From this dataframe, we can see that the two Cuban/Caribbean restaurants are located in postalcode M6H and M8V. For postalcode M6H, this means that the restaurant is located near Dufferin, therefore we can remove it from our list of neighborhood options.

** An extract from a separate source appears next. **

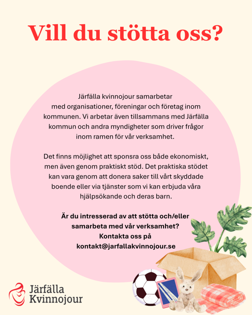 Är ditt företag intresserade av att stötta och/eller samarbeta med vår verksamhet – kontakta oss på kontakt@jarfallakvinnojour.se.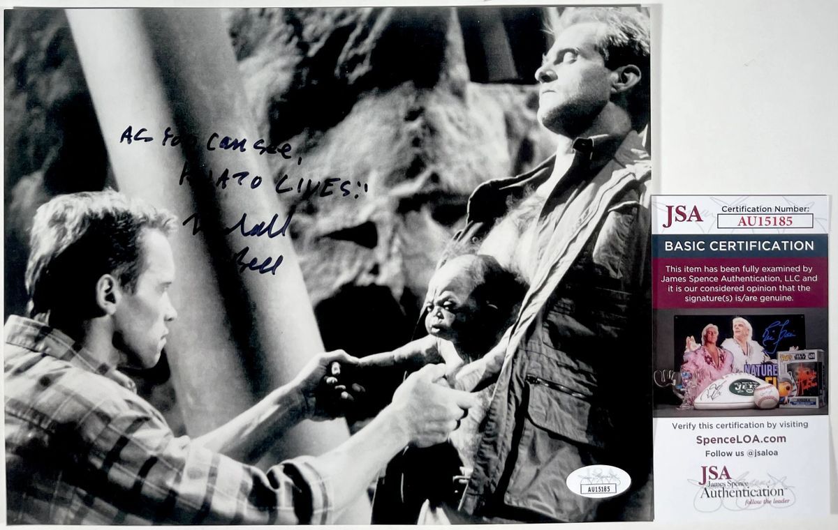 Professionally printed black and white 8×10 photo, hand signed in person by actor Marshall Bell who played the roll of George aka Kuato in the 1990 Film, Total Recall. This is a clean, well placed signature, with a “As you can see, KUATO LIVES!” inscription, signed in a flowing Black Sharpie that really pops off of this crisp, professionally printed black and white 8×10 photo. Item has been authenticated by James Spence Authentications, one of the most reputable third party authentication companies in the world, and includes the JSA Certificate Of Authenticity card.

### Using K-Means Clustering and a Folium Map

In [23]:
# Create dataset with 7 remaining neighborhoods
import pandas as pd
neigh = [('M4V', 'Summerhill West', '43.686412','-79.400049'), ('M5A','Regent Park','43.654260','-79.360636'),('M5J','Harbourfront East','43.640816','-79.381752'),
         ('M5V','CN Tower','43.628947','-79.394420'),('M6G','Christie','43.669542','-79.422564'),('M6J','Little Portugal','43.647927','-79.419750'),
         ('M6S','Runnymede','43.651571','-79.484450')]
df = pd.DataFrame(neigh, columns = ['PostalCode', 'Neighborhood', 'Latitude', 'Longitude'])
df

Unnamed: 0,PostalCode,Neighborhood,Latitude,Longitude
0,M4V,Summerhill West,43.686412,-79.400049
1,M5A,Regent Park,43.65426,-79.360636
2,M5J,Harbourfront East,43.640816,-79.381752
3,M5V,CN Tower,43.628947,-79.39442
4,M6G,Christie,43.669542,-79.422564
5,M6J,Little Portugal,43.647927,-79.41975
6,M6S,Runnymede,43.651571,-79.48445


In [25]:
map_toronto = folium.Map(location=[latitude, longitude],zoom_start=15)
for lat,lng,postal,neighborhood in zip(df['Latitude'],df['Longitude'],df['PostalCode'],df['Neighborhood']):
    label = '{}, {}'.format(neighborhood, postal)
    label = folium.Popup(label, parse_html=True)
    folium.CircleMarker(
    [lat,lng],
    radius=5,
    popup=label,
    color='blue',
    fill=True,
    fill_color='#3186cc',
    fill_opacity=0.7,
    parse_html=False).add_to(map_toronto)
map_toronto

From this map, we can see where the selected neighborhoods are in Toronto.  Notice that there are four neighborhoods that are very close to one another.  If we narrow our choices to these four and select the one with highest number of Latin Americans present, we will select CN Tower, postalcode M5V, as our area for where the Cuban restaurant should be opened.